JAKARTA, KOMPAS.com - Mantan Menteri Koordinator Bidang Ekonomi, Keuangan dan Industri (Menko Ekuin) Rizal Ramli memenuhi panggilan pemeriksaan di Komisi Pemberantasan Korupsi (KPK), Jumat (19/7/2019).
Mantan Menteri Keuangan itu rencananya diperiksa sebagai saksi dalam kasus dugaan korupsi Bantuan Likuiditas Bank Indonesia (BLBI) untuk tersangka Sjamsul Nursalim dan istrinya, Itjih Nursalim.
"Saya dipanggil KPK untuk kasus SKL (Surat Keterangan Lunas) BLBI. Saya sendiri pada saat kejadian kasus itu bukan pejabat lagi dan karena itu terjadi pada tahun 2004 pada saat pemerintahan Mbak Mega (mantan Presiden Megawati Soekarnoputri)," kata Rizal saat tiba di Gedung Merah Putih KPK, Jakarta.
Baca juga: Terdakwa Kasus BLBI Syafruddin Temenggung Dibebaskan MA, KPK Pertimbangkan PK
Rizal memperkirakan penyidik akan menggali pengetahuannya soal prosedur penerbitan SKL BLBI tersebut.
"Saya dianggap banyak mengerti, tahu prosedur dari sejak awal BLBI, KPK minta saya memberikan penjelasan. Spesifiknya tentu nanti setelah ditanya-tanya (diperiksa) kita bisa ngobrol lagi," kata Rizal.
Dalam pengembangan kasus BLBI, KPK menjerat Sjamsul Nursalim selaku obligor Bank Dagang Nasional Indonesia (BDNI) dan istrinya Itjih Nursalim sebagai tersangka.
Penetapan tersangka ini berdasarkan hasil pengembangan perkara mantan Kepala Badan Penyehatan Perbankan Nasional (BPPN), Syafruddin Arsyad Temenggung.
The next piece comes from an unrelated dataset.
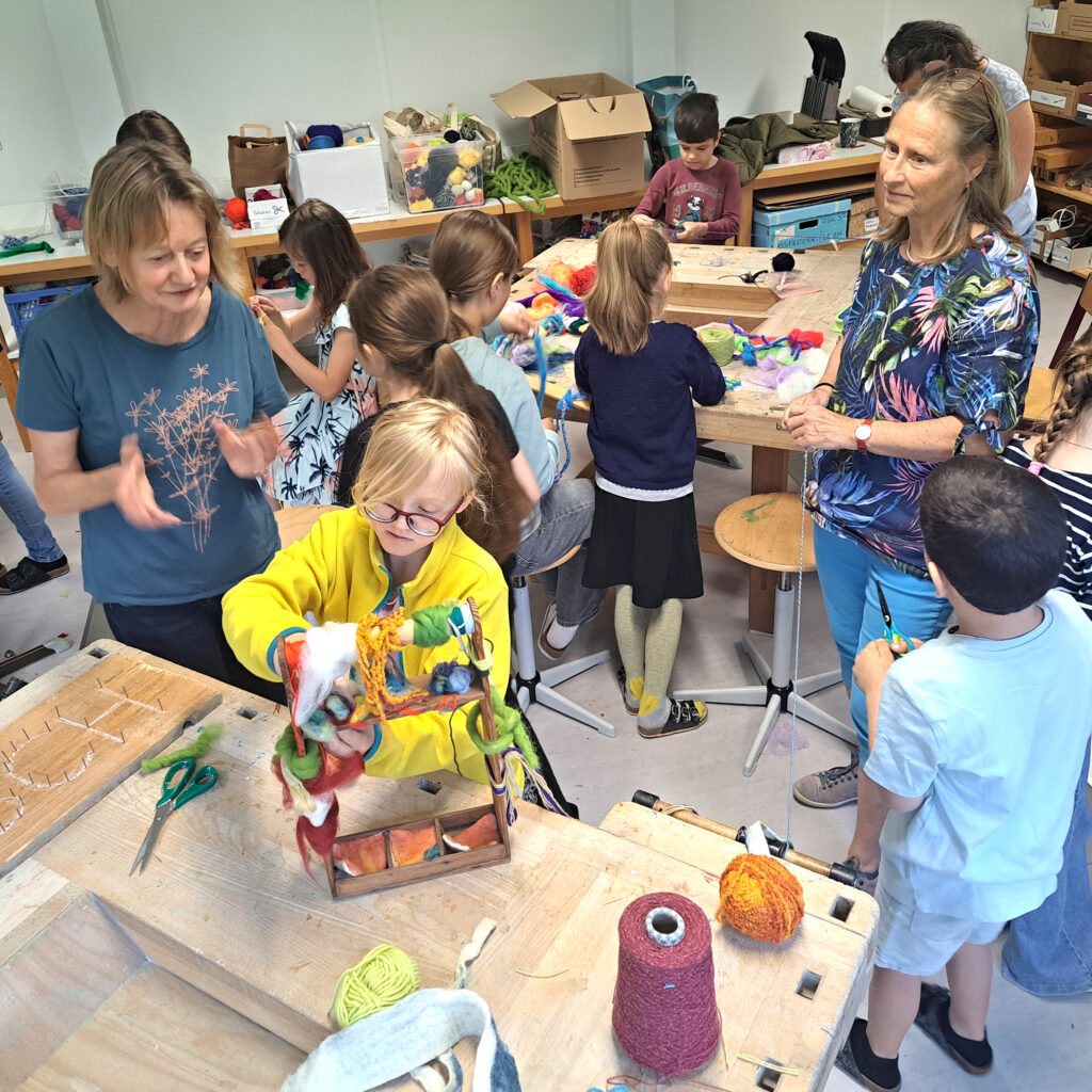 In der Schule wurde der zweite Teil des Projekts durchgeführt. HERTHA GLÜCK brachte ein Auto voll mit alten Holzgegenständen in die Schule. Dann ging es los. Die Wollkünstlerinnen Saskia Valazza und Sabine Henning fertigten mit den Schüler:innen kreative Kunstwerke aus Wolle und Holz. Dabei entstanden verschiedene farbenfrohe, fröhliche Objekte, welche die große Fantasie der Kinder zeigen und damit die Erwachsenen überraschen.

Majelis hakim dalam putusannya saat itu memandang perbuatan Syafruddin telah memperkaya Sjamsul Nursalim, selaku pemegang saham pengendali BDNI tahun 2004.
Syafruddin selaku Kepala BPPN melakukan penghapusan piutang BDNI kepada petani tambak yang dijamin oleh PT Dipasena Citra Darmadja (PT DCD) dan PT Wachyuni Mandira (PT WM).
Baca juga: Jumat Besok, KPK Panggil Rizal Ramli Sebagai Saksi Kasus BLBI
Selain itu, Syafruddin disebut telah menerbitkan Surat Pemenuhan Kewajiban Pemegang Saham.
Padahal, Sjamsul Nursalim belum menyelesaikan kewajibannya terhadap kesalahan (misrepresentasi) dalam menampilkan piutang BDNI kepada petambak, yang akan diserahkan kepada BPPN.
Perbuatan Syafruddin dinilai telah menghilangkan hak tagih negara terhadap Sjamsul Nursalim sebesar Rp 4,58 triliun.